Y ahora, la emoción que bulle frenéticamente en mi corazón me da la respuesta...
Porque eres Mo Li.
Eres quien me dio una nueva vida, quien cambió mi destino, por quien estoy dispuesto a dar todo lo que tengo, aunque sean diez vidas y diez eras de calamidades.
El tiempo pasaba rápido. La Batalla de la Torre Zhoutian continuaba, cada vez más intensa.
Las miradas de la gente finalmente volvieron a la Torre Zhoutian. Solo Yun Che permanecía de pie con los ojos cerrados, sin mirar la Torre Zhoutian en absoluto. Aunque este era un buen momento para observar a los poderosos oponentes de la "Batalla de Investidura Divina", no tenía ningún interés.
Porque su objetivo ya se había cumplido. La "Batalla de Investidura Divina" no tenía nada que ver con él.
Además, con su fuerza, frente a aquellos que podían entrar en la Batalla de Investidura Divina, sin importar a quién se enfrentara, solo podría perder inevitablemente.
Lo siguiente que debía hacer era esperar a que Mo Li lo encontrara. Después de hoy, mientras Mo Li estuviera en el Dominio Divino del Este, no debería haber razón para que no oyera su nombre.
No se sabe cuánto tiempo pasó, cuando los sonidos a su alrededor de repente se volvieron bulliciosos: —¡Luo Changsheng! ¡Es Luo Changsheng! ¡Está a punto de llegar a la cima!
Poco después, detrás de Yun Che, brilló una luz blanca, y una figura elegante caminó lentamente.
El Reino Shengyu estalló en vítores ensordecedores... y si no fuera por la existencia anómala de Yun Che, los vítores habrían sido aún más altos.
Luo Changsheng dio unos pasos hacia adelante y de repente vio a Yun Che. Su mirada se sorprendió ligeramente, pero fue solo un instante, luego desvió la mirada y no volvió a mirarlo.
Claramente, en su percepción, o en la percepción de cualquiera con cerebro normal, la única posibilidad de que Yun Che apareciera antes que él aquí era que hubiera abandonado voluntariamente la competencia.
Y que abandonara directamente era completamente normal.
—Bien hecho. —El Venerable Quhui asintió ligeramente hacia Luo Changsheng, con un dejo de elogio extremadamente raro en su expresión.
Yun Che tampoco miró a Luo Changsheng. Estas dos personas que habían regresado primero a la Plataforma de Investidura Divina, sin embargo, parecían existir en dos mundos diferentes, sin intercambiar palabra... o quizás en sus corazones, ellos y el otro eran seres de mundos diferentes.
Después de Luo Changsheng, el segundo, tercero, cuarto... cada vez más personas llegaban al piso trescientos de la Torre Zhoutian y regresaban a la Plataforma de Investidura Divina. Y estas personas que completaron la Batalla de la Torre Zhoutian más temprano, sin duda, eran las existencias más sobresalientes de todo el Dominio Divino del Este. Cada una de ellas ya tenía una gran reputación en el Dominio Divino del Este.

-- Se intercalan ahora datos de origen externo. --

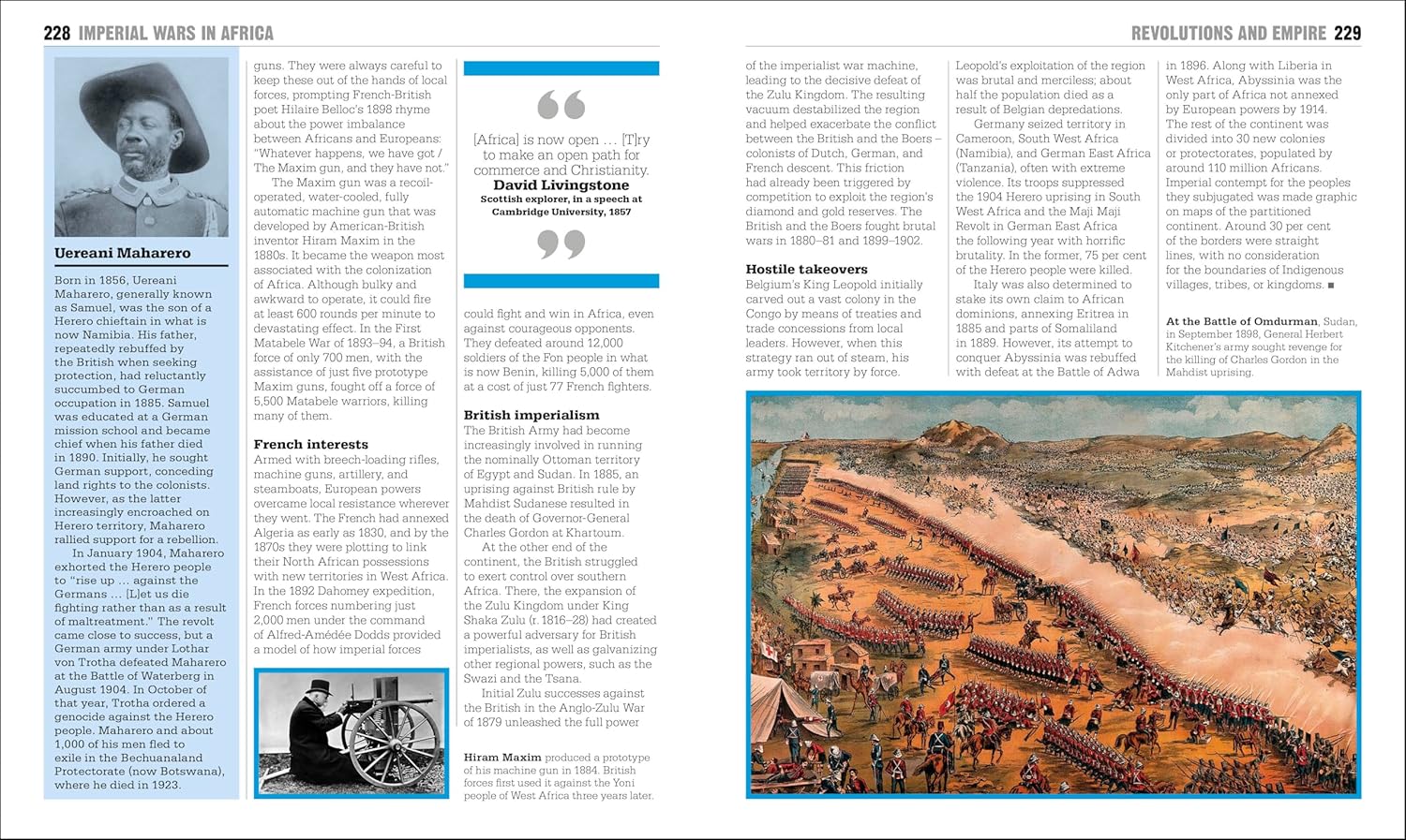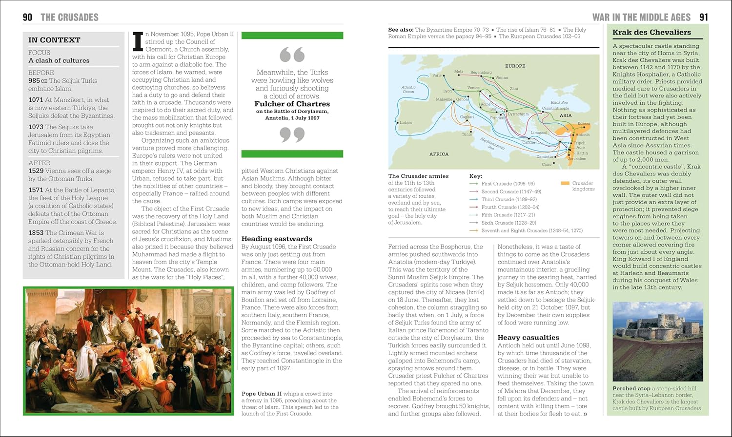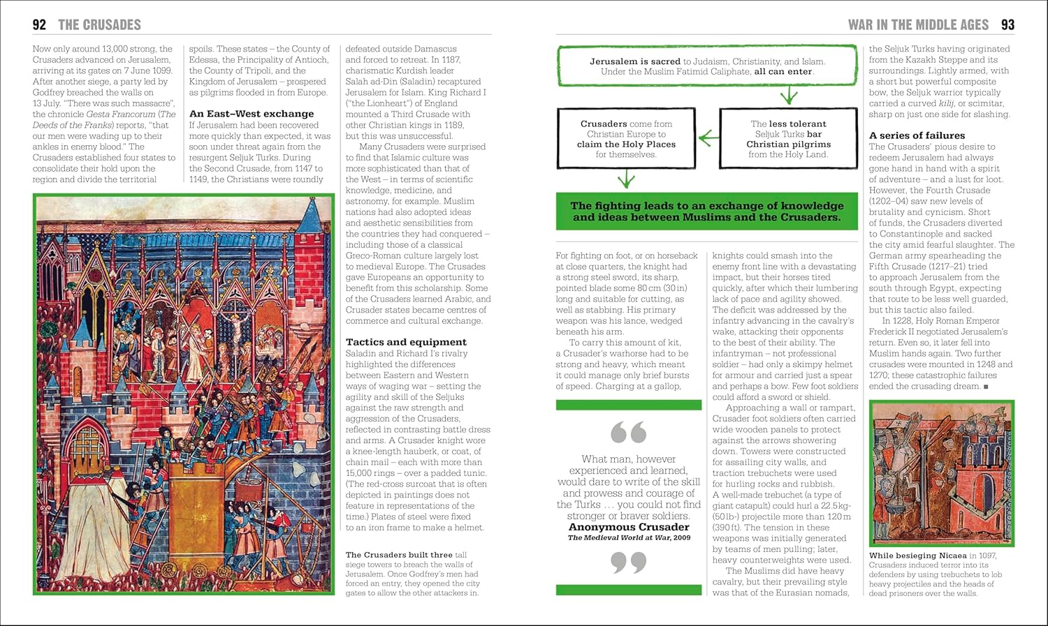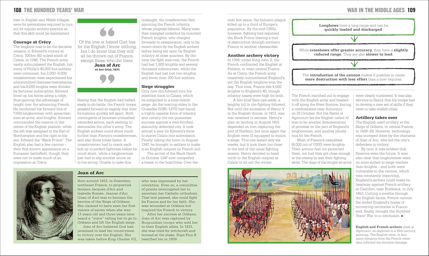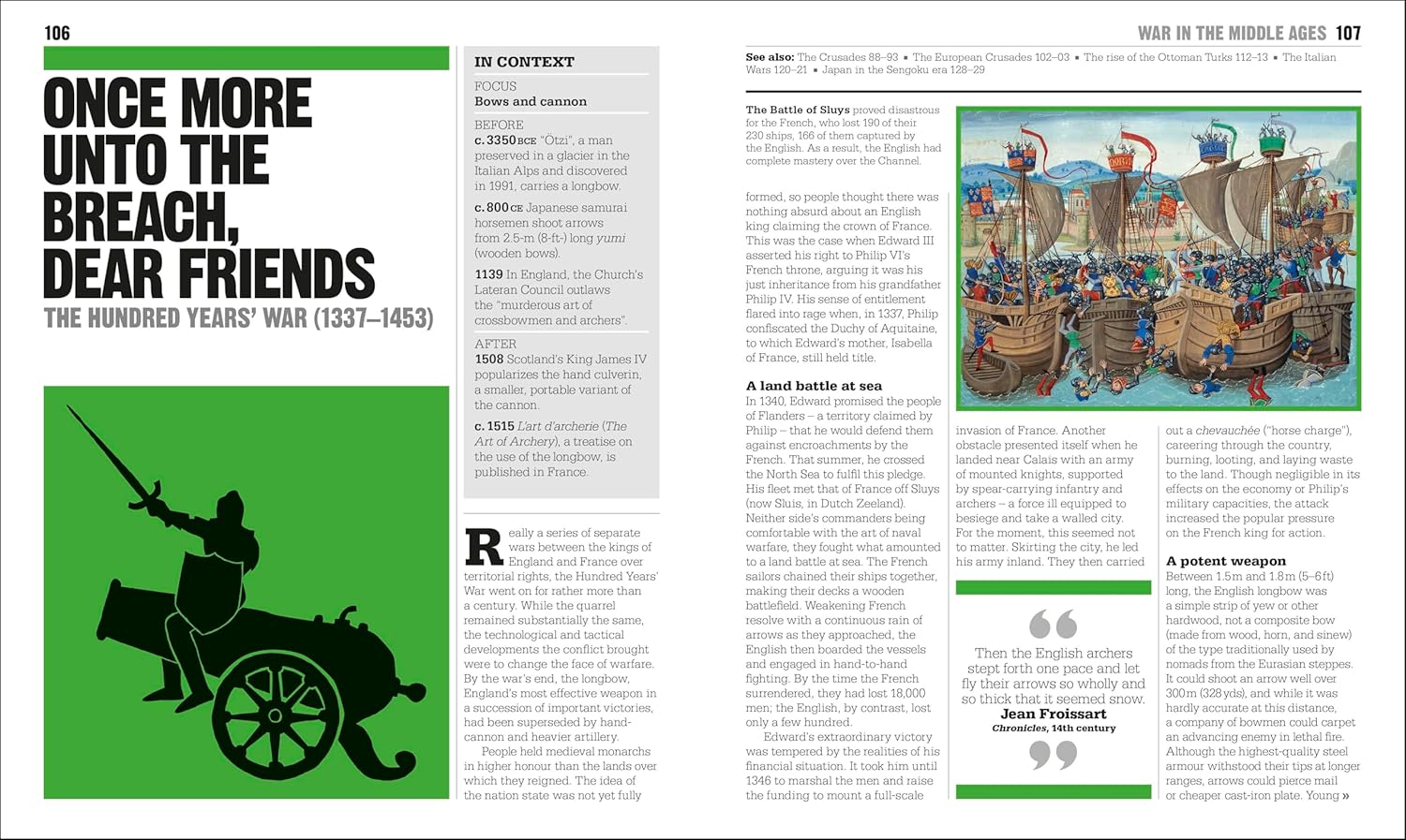 Tracing the epic 5,000-year story of warfare from the earliest battles to the War on Terror, The Military History Book explores and explains the causes and consequences of each, offering a new angle on military history. Individual entries analyse the key social and political driving forces, the arms and armaments, and the technologies and tactics of war over the last 7,000 years – from the tactics of early infantry and siegecraft to the rise of naval combat steel, steam, and shellfire, and from trench warfare and aerial dogfights to chemical weapons and cyber warfare.

Cuando llegaban y veían a Yun Che, su reacción era básicamente la misma que la de Luo Changsheng.
Especialmente Jun Xilei, cuando desvió la mirada, su rostro mostraba un profundo desprecio y repulsión. La humillación y el odio profundamente enterrados en su corazón se agitaban violentamente cada vez que veía a Yun Che.

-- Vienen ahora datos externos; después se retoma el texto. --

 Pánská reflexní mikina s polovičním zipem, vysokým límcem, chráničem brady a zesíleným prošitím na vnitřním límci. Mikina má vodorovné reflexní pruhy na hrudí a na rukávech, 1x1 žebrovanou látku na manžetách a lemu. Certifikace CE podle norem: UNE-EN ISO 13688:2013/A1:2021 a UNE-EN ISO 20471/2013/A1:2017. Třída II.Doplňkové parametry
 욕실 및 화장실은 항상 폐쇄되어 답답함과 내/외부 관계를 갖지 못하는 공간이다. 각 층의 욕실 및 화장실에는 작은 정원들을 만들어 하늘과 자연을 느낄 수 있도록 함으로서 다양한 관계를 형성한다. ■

Sin darse cuenta, ya había más de veinte jóvenes cultivadores que habían regresado a la Plataforma de Investidura Divina. Los lugares restantes para la Batalla de Investidura Divina se reducían cada vez más. En ese momento, Yun Che escuchó un nombre que le importaba bastante.
—¿Ese muchacho... es realmente del Reino del Dios del Fuego?

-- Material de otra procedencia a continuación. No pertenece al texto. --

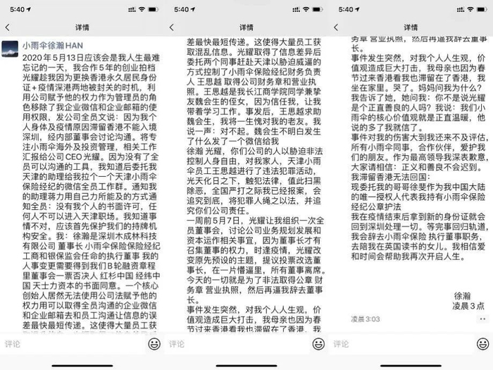 2020年5月13日凌晨,徐瀚在朋友圈发布消息,控诉其合作5年的创业拍档光耀趁其更换香港永久居民身份证、疫情深港两地被封关的时机,利用公司赋予权力作为管理员的角色移除了徐瀚企业微信和企业邮箱的使用权限。
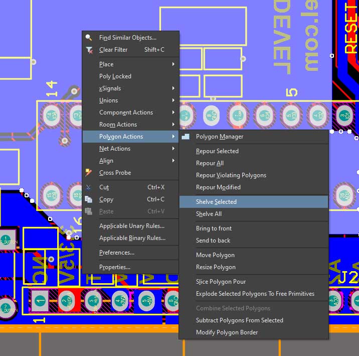 How do you remove a polygon pour if you do not want to see it, and you need to make changes to routing before re-flooding
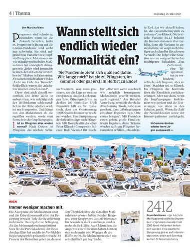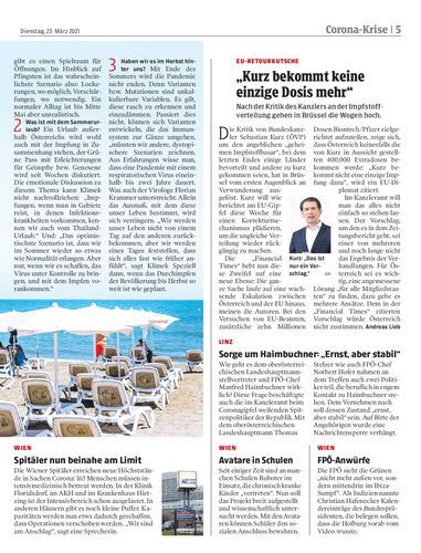 Corona-Massnahmen. Bund und Länder vertagen sich in Sachen Corona. Weder gibt es Lockerungen noch Verschärfungen. Ratschläge der Experten wie verlängerte Osterferien wurden nicht berücksichtig. Seiten 2/3 APA
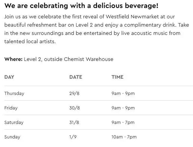 从今天开始,一直持续到周日的整个周末,Westfield Newmarket内将免费供应特调(无酒精)鸡尾酒。
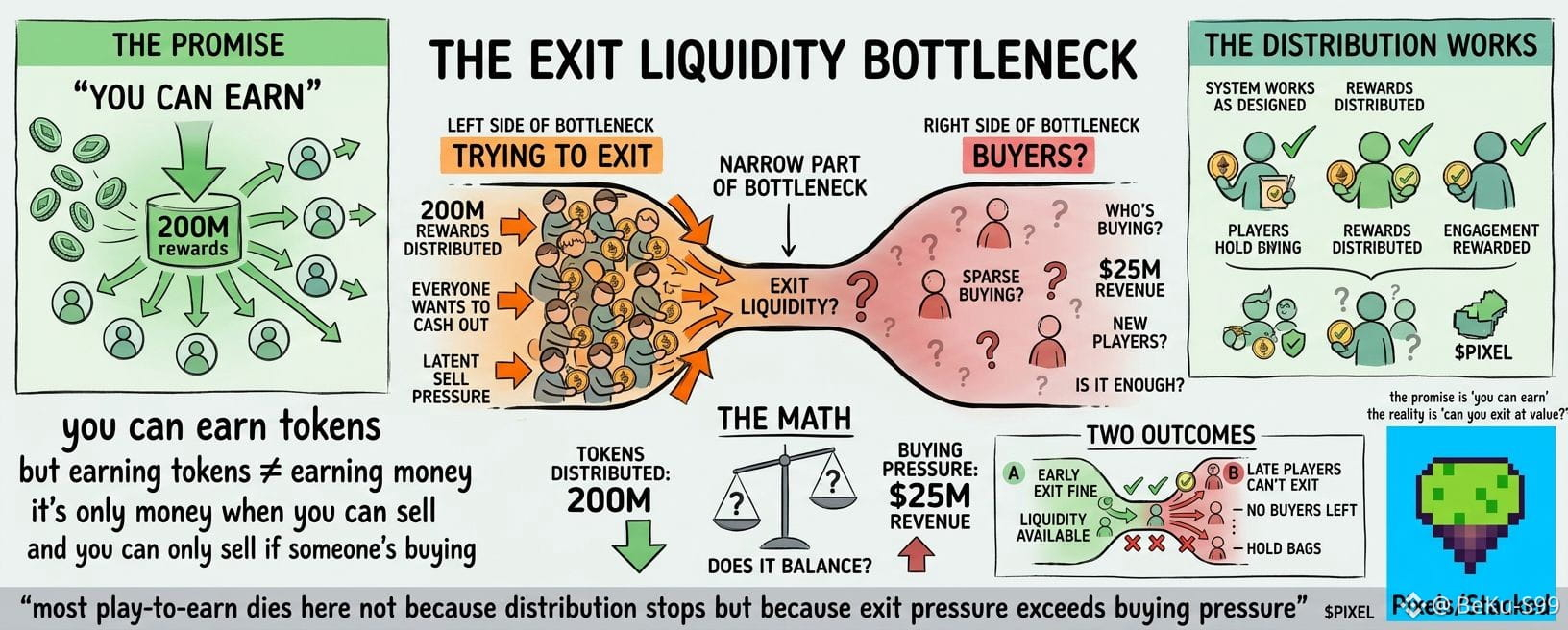 What keeps me coming back is whether Pixels measures exit liquidity as a success metric. Most crypto gaming measures user acquisition, engagement, distribution volume. They don't measure whether players can successfully exit.
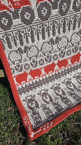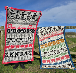 For those of you wanting to make a larger blanket, Caroline Tigchelaar and Lynn Leonard made larger versions using Yarnsmiths Create DK. They both incorporated the gauge swatch and the carrots from March Hare, and Lynn also added sections from Lakenham Mosaic Sampler and Beside The Seaside.
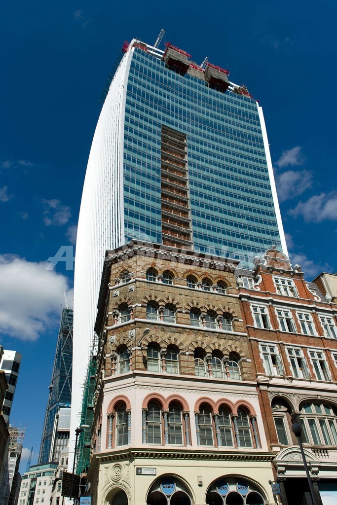 【9月1日 AFP】英ロンドン(London)中心部で「ウォーキートーキー(Walkie Talkie、トランシーバーの意)」と呼ばれる高層ビルが建設中だ。ガラス張りの外壁が凹面鏡のようにへこんだ独特のデザインのため、午後の早い時間帯には反射した日光が近隣の特定の場所に集中する。地元メディアによるとその場所の気温は周辺より高くなるという。(c)AFP
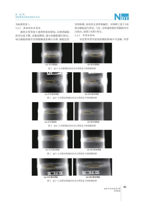 液体介质等效于透照厚度的增加,会使得缺陷 以检出,如图2至图9所示。
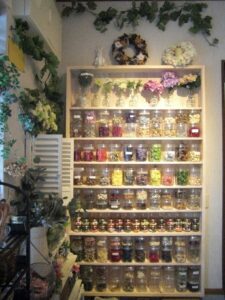 店内はポプリの香りがただよい 手作りの小物や雑貨が所せましと置かれています。

—¿Cómo puede alguien de un Reino Estelar de rango medio tener este nivel?
Yun Che levantó la cabeza y rápidamente localizó una proyección. Toda la imagen de la proyección estaba llena de llamas doradas. Podía escuchar claramente los fuertes gritos de Huo Poyun, y los rugidos de dolor y desesperación de numerosas Bestias Xuan bajo la Llama del Cuervo Dorado.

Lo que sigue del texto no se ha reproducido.